Historia del Siglo XX Segunda Guerra Mundial

El Yamato, la desintegración de un símbolo

El acorazado más imponente y poderoso de la historia, el arma letal del imperio japonés y de su armada victoriosa y orgullosa, la invencible, con la tecnología más avanzada, con los hombres más capacitados, convertía su negativa a la desaparición final en una de las epopeyas más grandes de la Segunda Guerra Mundial.

La última batalla del Yamato sería librada frente a Okinawa, se llamaba la misión “Operación Ten-Go”; era de vital importancia para la Marina Imperial Japonesa navegar hasta las islas Ryûkyû y aportar lo que podía, todo lo que tenía, lo que le sobraba, literalmente el gran acorazado terminaría atrapado adrede en la gran escaramuza para la que había sido construido, sus órdenes eran las de destruir todo el material enemigo posible, acabar con la última munición y encallar el gran monstruo del pacífico. 72 800 toneladas, hacían de esta mole flotante un guerrero de metal pesado y dominante, el Bismarck alemán sólo fue una efímera figura delgada frente a este verdadero coloso de los mares.

Explosión de los almacenes de munición del Yamato. La nube de hongo, de 6 km de altura, se pudo ver en Kyūshū, a 160 km de distancia.

En esta épica batalla que duró poco tiempo, participaron aviones bombarderos y torpederos lanzados desde portaaviones operativos de la Armada de los Estados Unidos; macabro plan que resultó exitoso para hundir de una vez a este titán del océano. Pero nada por lo general sale como uno lo planeó y más, cuando esta misión suicida solamente provocaría más tiempo perdido para la final conquista de Tokio, la capital Imperial japonesa y miles de muertes de soldados aliados.

Para las 14:00 hs., del 7 de abril, el Yamato, que había soportado los bombardeos incesantes de la fuerza aérea estadounidense que le provocaron heridas imposibles de cicatrizar, la sangre del gigante de los mares desbordaba a borbotones los miembros de los valientes y honorables guerreros, unos 3700 en total, (2700 hombres solo de la tripulación del Yamato) incluyendo a Seiichi Itō, comandante de la flota, que otorgaron el último saludo al Emperador y a su bandera del Sol Naciente, que se teñía de rojo. En parte, muchas de esas muertes se debieron a órdenes tardías de evacuación.

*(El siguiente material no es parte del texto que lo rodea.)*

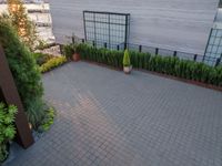 This is an image of a modern residential villa in an urban setting. The house is elevated and features modern architecture, with clean lines and open spaces. The grey sky creates a gloomy atmosphere, contrasting with the high fence and brickwork surrounding the property. The asphalt road and grassy floor add to the overall urban design. This photo captures a typical day in this residential area, showcasing the intersection of nature and modern architecture.

De a poco, las almas de los muertos se esfumaban a través de las olas del mar, formando una fila de cadáveres destrozados, testimonio de esta cruel guerra de exterminio, se hundían con la enorme bola de metal chirriante que como una ballena dejaba sus últimos suspiros ante la mirada asombrada de los héroes del cielo americano.

El último recuerdo de la grandiosa gallardía japonesa moría, a partir de allí, morir o morir, para los japoneses, por el emperador, sería la única salida antes que dar su brazo a torcer y aceptar la derrota, escarnio lamentable para el espíritu guerrero nipón.

El Yamato en el dique seco hacia el final de su proceso de acondicionamiento, el 20 de septiembre de 1941.

Una verdadera carnicería provocada por los malos cálculos de los comandantes japoneses, el gran fracaso que faltaba para ahondar aún más el derrotismo…los enemigos con una extraña sensación, mezcla de alegría por eliminar al buque insignia de los japoneses pero por el otro, una tristeza por saber que muchos buenos marineros japoneses fallecían ahogados por la ambición de un solo hombre, un pequeño hombre que al finalizar las hostilidades de la guerra, y firmar la paz, aparecía como débil y sin culpa ni pena ni siquiera, poder.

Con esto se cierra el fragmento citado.